[INFORMATION GIVEN Boundary: Start]

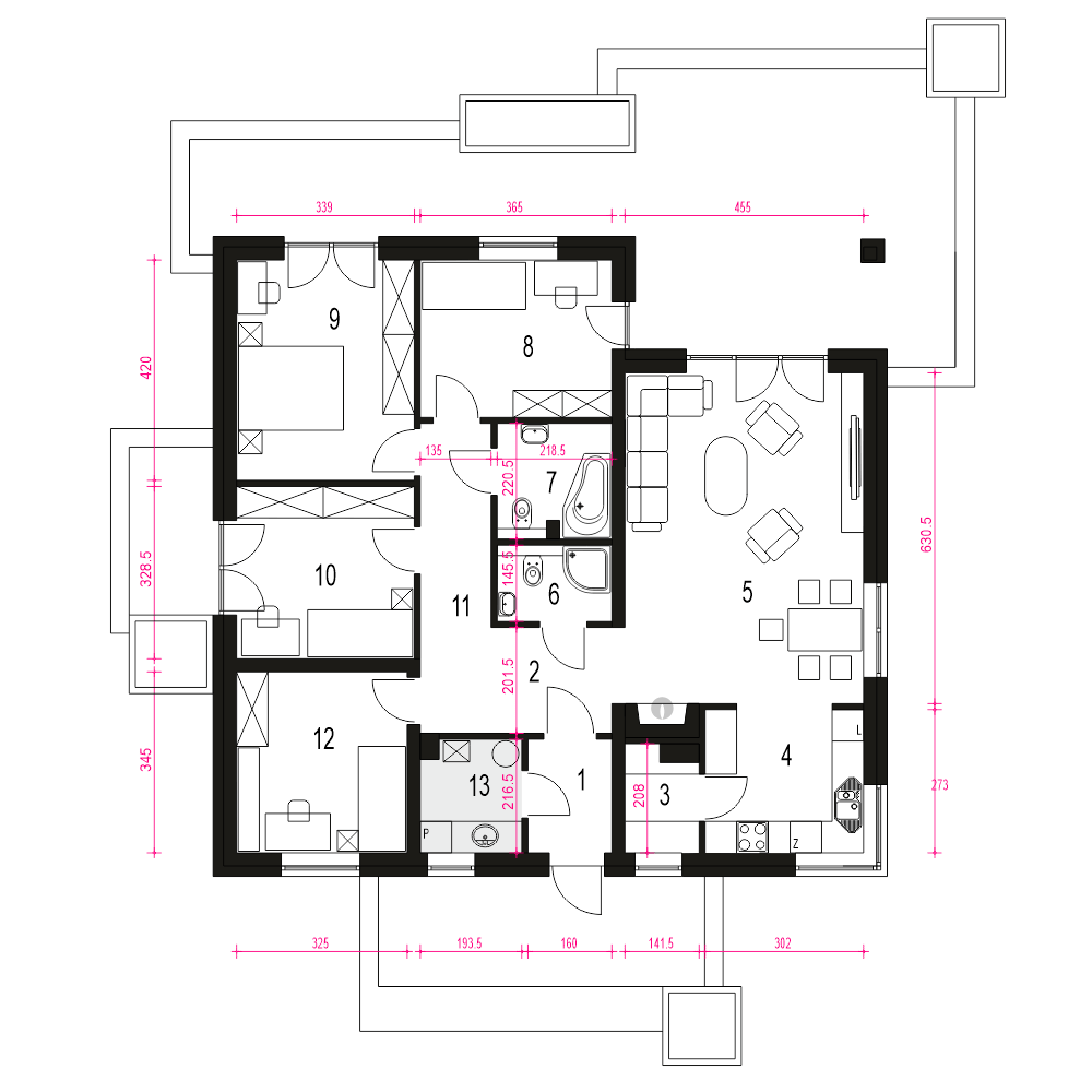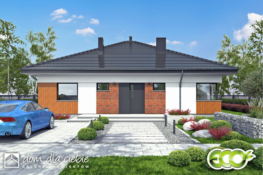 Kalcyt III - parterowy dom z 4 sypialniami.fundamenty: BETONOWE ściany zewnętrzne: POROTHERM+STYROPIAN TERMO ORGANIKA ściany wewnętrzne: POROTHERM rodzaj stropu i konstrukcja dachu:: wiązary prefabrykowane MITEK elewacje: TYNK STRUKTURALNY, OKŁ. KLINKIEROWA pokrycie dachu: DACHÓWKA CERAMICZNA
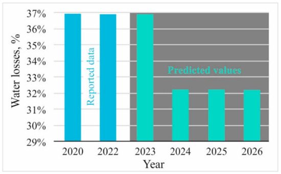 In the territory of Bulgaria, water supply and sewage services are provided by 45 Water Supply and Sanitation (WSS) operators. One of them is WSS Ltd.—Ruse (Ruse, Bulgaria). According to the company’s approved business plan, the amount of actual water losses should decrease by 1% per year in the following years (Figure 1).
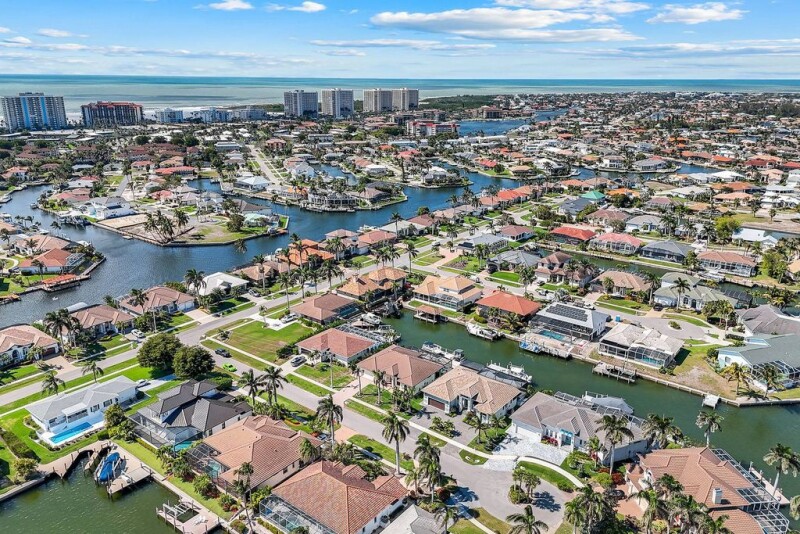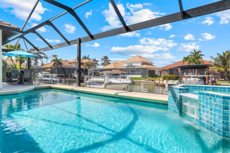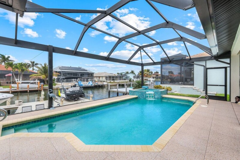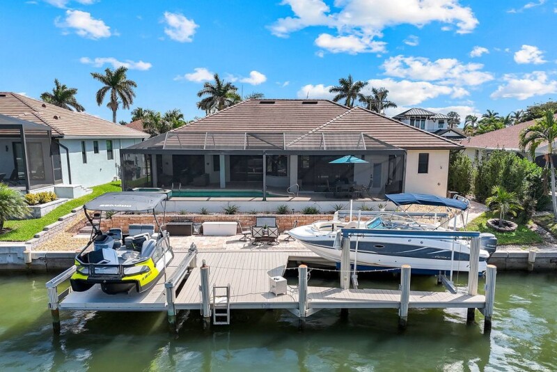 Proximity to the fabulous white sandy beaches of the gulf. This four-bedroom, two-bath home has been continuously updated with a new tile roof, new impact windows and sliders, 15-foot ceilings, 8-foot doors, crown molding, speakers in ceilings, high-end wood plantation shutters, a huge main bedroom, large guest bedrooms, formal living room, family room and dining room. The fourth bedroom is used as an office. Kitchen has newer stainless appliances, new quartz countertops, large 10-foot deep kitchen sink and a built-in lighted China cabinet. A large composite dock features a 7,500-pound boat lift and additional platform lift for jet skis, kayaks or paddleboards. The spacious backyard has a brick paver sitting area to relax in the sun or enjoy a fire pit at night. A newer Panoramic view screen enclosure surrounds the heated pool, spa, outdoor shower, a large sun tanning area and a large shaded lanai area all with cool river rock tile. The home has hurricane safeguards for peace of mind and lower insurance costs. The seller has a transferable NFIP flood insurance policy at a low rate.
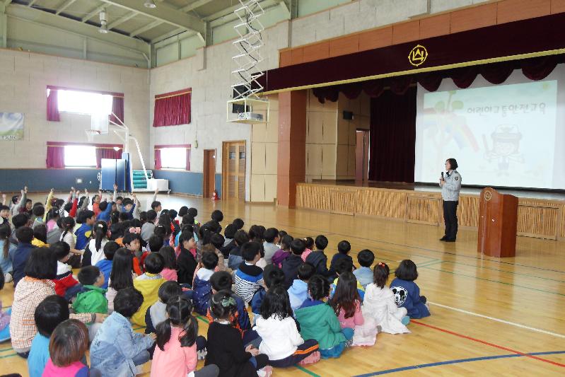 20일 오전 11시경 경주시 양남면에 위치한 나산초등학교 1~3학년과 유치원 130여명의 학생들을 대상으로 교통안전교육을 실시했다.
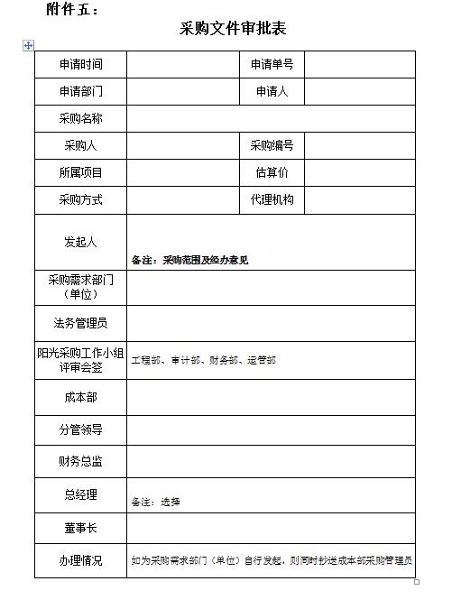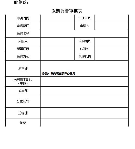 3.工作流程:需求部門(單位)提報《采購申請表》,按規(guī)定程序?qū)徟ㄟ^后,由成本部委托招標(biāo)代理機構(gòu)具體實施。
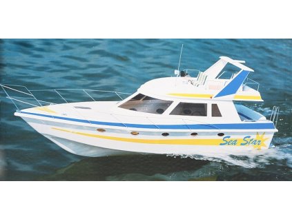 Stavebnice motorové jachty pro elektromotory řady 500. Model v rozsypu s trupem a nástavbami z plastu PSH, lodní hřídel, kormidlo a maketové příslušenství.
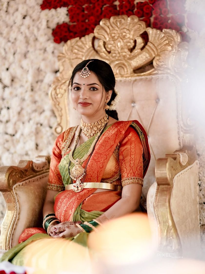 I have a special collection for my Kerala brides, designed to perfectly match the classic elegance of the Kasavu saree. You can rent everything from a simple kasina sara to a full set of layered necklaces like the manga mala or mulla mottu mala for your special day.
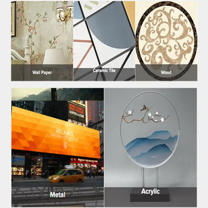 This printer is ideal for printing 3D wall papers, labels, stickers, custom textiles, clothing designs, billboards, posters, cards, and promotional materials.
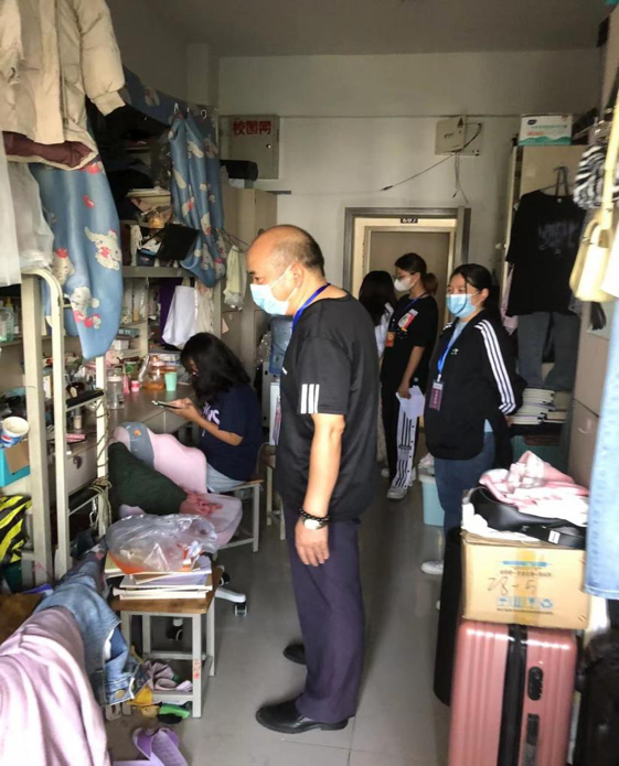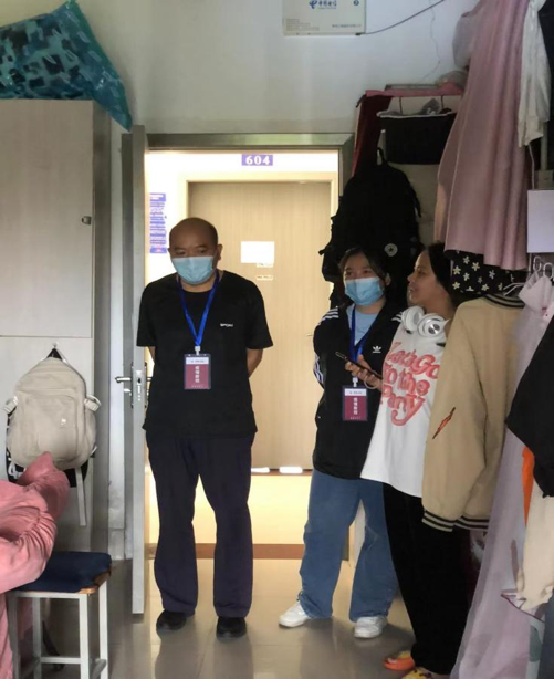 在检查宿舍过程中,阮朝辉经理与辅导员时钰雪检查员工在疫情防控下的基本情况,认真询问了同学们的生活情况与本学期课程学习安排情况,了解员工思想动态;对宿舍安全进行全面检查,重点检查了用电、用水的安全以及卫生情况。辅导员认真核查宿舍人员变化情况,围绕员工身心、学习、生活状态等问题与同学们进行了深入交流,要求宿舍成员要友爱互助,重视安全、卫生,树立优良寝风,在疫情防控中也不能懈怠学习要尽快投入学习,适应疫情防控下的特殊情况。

[INFORMATION GIVEN Boundary: End]

[BRIEF] Beginning with the line containing "I have a special" and ending with the last line of the data above, repeat each line exactly. Include no pictures and no other lines.

[WRITTEN SOLUTION]
 I have a special collection for my Kerala brides, designed to perfectly match the classic elegance of the Kasavu saree. You can rent everything from a simple kasina sara to a full set of layered necklaces like the manga mala or mulla mottu mala for your special day.
 This printer is ideal for printing 3D wall papers, labels, stickers, custom textiles, clothing designs, billboards, posters, cards, and promotional materials.
 在检查宿舍过程中,阮朝辉经理与辅导员时钰雪检查员工在疫情防控下的基本情况,认真询问了同学们的生活情况与本学期课程学习安排情况,了解员工思想动态;对宿舍安全进行全面检查,重点检查了用电、用水的安全以及卫生情况。辅导员认真核查宿舍人员变化情况,围绕员工身心、学习、生活状态等问题与同学们进行了深入交流,要求宿舍成员要友爱互助,重视安全、卫生,树立优良寝风,在疫情防控中也不能懈怠学习要尽快投入学习,适应疫情防控下的特殊情况。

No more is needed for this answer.